This is the sort of thing that I think kind of gets those models. If you have time to just let it sit on a problem, it can kind of get their performance up in a pretty major way.
All right.
So yeah, that’s a tree of thoughts.
Let’s see if there’s any other interesting.
Yeah, these are kind of the same thing.
This is because doing the… Trying to do cat, you know, they can help a little bit. But I think that the creative one is the most interesting of those.

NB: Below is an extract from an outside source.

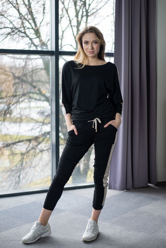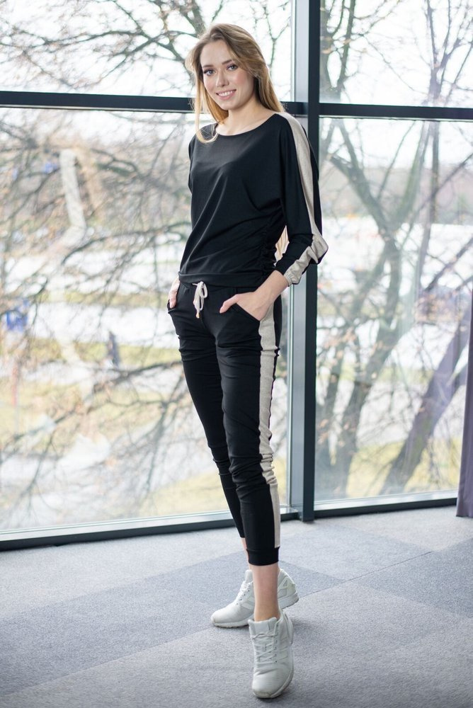 Komplet dresowy wykonany z wysokiej jakości dzianiny. Bluza i spodnie zostały wykończone  błyszczącymi lampasami oraz troczkiem co nadaje niecodzienny charakter pozornie zwykłemu dresowi. Marszczenie na boku bluzy pozwoli użytkować  komplet w trakcie ciąży ponieważ pomieści ona ciążowy brzuszek.

Okay, next one is React. And I think pretty much everybody has played with this one, even if they don’t know it. I think the best example of this, the idea of React, it’s reason and act. It’s the concept of interleaving reasoning, sort of chain of thought stuff, which at this point… reason was this chain of thought concept where you’re doing the let’s think step by step.
This came out like maybe a month or two after let’s verify step by step.
I think this was the very first one of these things that got that agentic feel to it. And the idea is that it’s just kind of interleaving these sort of reasoning and traces or function calls sort of traces.
And if I can remember… Okay, so now I’m going to… Oh, good.
Great.
I did not have to search too long. Okay, so I think the best example of this is something like a Klein or a Cursor or something like that. So let’s see.
I’m going to go here.
I found one really good way to get it to go into this sort of thing, which was actually just to get it to go instead of Klein. They have the setup for your MCP server is actually done through this reason in XOR train.
And so you can see here that it’s got this checkpoint.
It’s getting its actions here.
And here, this loading MCP documentation, that is an action that it’s taking.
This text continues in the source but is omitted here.